_Description of the task_. What is needed is an exact copy of the lines from the start of the records below through the line with "一面はパステルカラーの爽やか", without the pictures.

_Recorded information_.
——————————

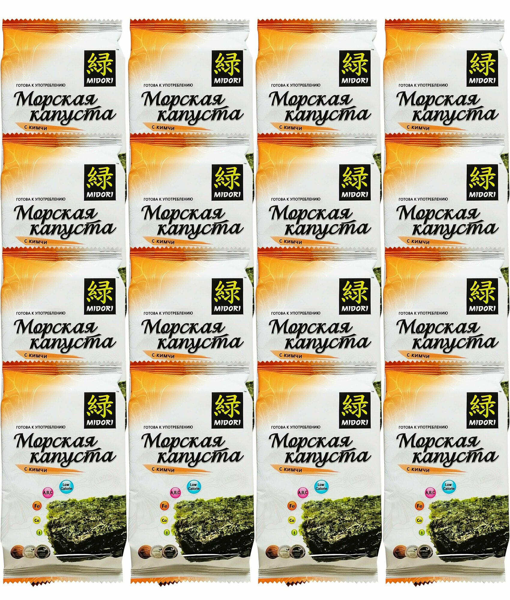 10 цен на Морская капуста обжаренная с кимчи Midori, водоросли нори (Корея), 5 г - 16 шт, натуральные чипсы, веган закуска
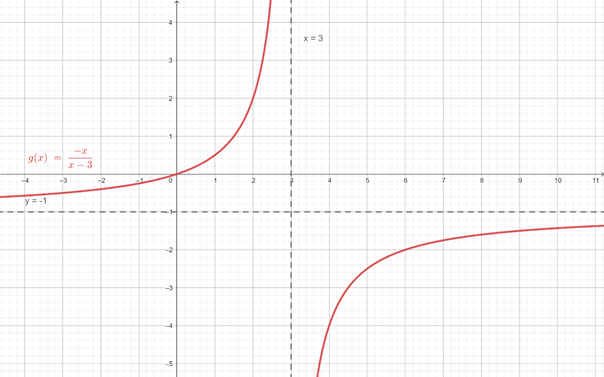 Pamiętaj, że wyrażenie w mianowniku nie może się zerować – tym sposobem określisz dziedzinę. Zbiór wartość możesz określić na podstawie wykresu lub tego, że funkcja nie przyjmuje jedynie wartości z asymptoty poziomej y = -1.
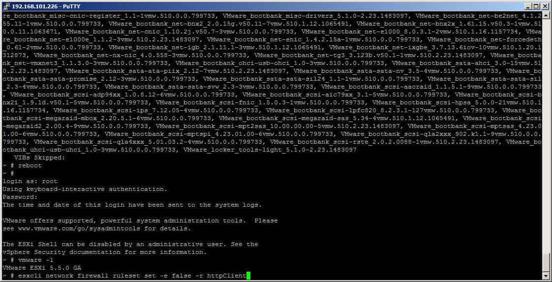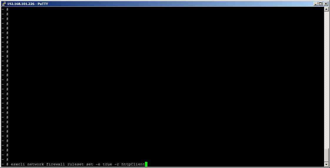 | 1 | esxcli network firewall ruleset set-etrue-rhttpClient |
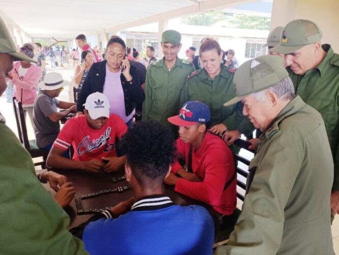 Los dirigentes intercambiaron con las familias protegidas y les expresaron la disposición de atenderlos y de mitigar la ansiedad y la incertidumbre que generan estas contingencias climatológicas, en las que constituye prioridad salvar la vida, asunto al que el Estado cubano dedica todos sus empeños.
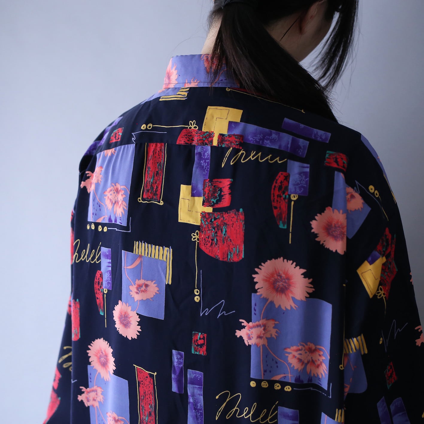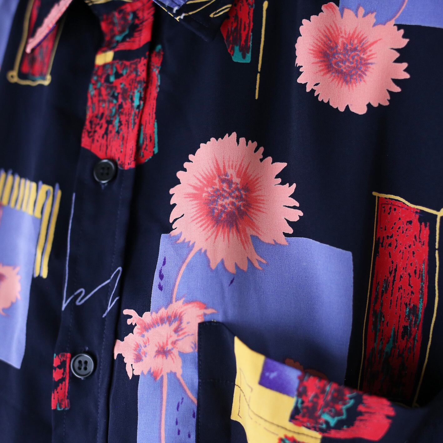 一面はパステルカラーの爽やかな花柄、二面は萎れた花や毒々しいタッチで感情的に描かれた抽象柄。相反する2つの柄の相乗効果がシンプルにダークな柄シャツよりも”混沌”とした世界観を発揮した”唯一無二”なデザイン。
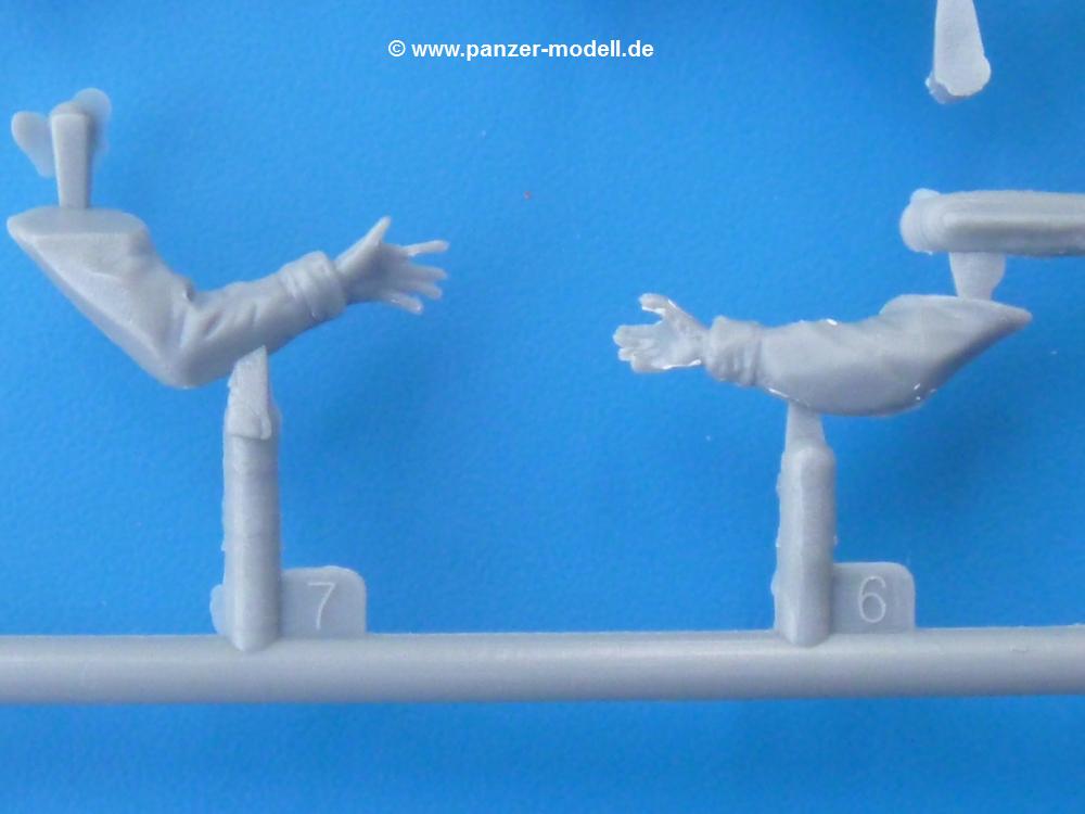 Als Geschützbesatzung sind 4 Soldaten enthalten. Ein Ladeschütze, der grad eine Patrone in den Verschluss einführen will. Dann der, mit einem zugekniffenen Auge, Richtschütze, der grad ein Ziel anvisiert. Soldat C ist ein liegender Schütze, von dem ich immer noch nicht weiß, was er da macht. Von der Handhaltung her stützt er irgendetwas ab. Zum Schluss kommt noch der Geschützführer, der mit seinem Fernglas das Zielgebiet beobachtet. Alle Figuren haben schöne Gesichter. Die gepolsterten Riemen der Helme kommen mir etwas dick vor. Faltenwurf und Detaillierung der Kleidung und Ausrüstung sind toll. Die Helme sind mit Tarnnetz und Tarnmaterial versehen. Bei manchen Soldaten sind die genagelten Schuhsohlen als separate Teile dabei. Ausrüstungsgegenstände wie Rücken- oder Munitionstaschen ergänzen das Outfit. Die Dienstgradabzeichen gibt es als Decals dazu, die aber bei den Tarnanzügen gemäß Anleitung keine Anwendung finden. Nur die Fallschirmspringerschwinge wird am rechten Arm angebracht.

——————————

_Result of the task_.
 10 цен на Морская капуста обжаренная с кимчи Midori, водоросли нори (Корея), 5 г - 16 шт, натуральные чипсы, веган закуска
 Pamiętaj, że wyrażenie w mianowniku nie może się zerować – tym sposobem określisz dziedzinę. Zbiór wartość możesz określić na podstawie wykresu lub tego, że funkcja nie przyjmuje jedynie wartości z asymptoty poziomej y = -1.
 | 1 | esxcli network firewall ruleset set-etrue-rhttpClient |
 Los dirigentes intercambiaron con las familias protegidas y les expresaron la disposición de atenderlos y de mitigar la ansiedad y la incertidumbre que generan estas contingencias climatológicas, en las que constituye prioridad salvar la vida, asunto al que el Estado cubano dedica todos sus empeños.
 一面はパステルカラーの爽やかな花柄、二面は萎れた花や毒々しいタッチで感情的に描かれた抽象柄。相反する2つの柄の相乗効果がシンプルにダークな柄シャツよりも”混沌”とした世界観を発揮した”唯一無二”なデザイン。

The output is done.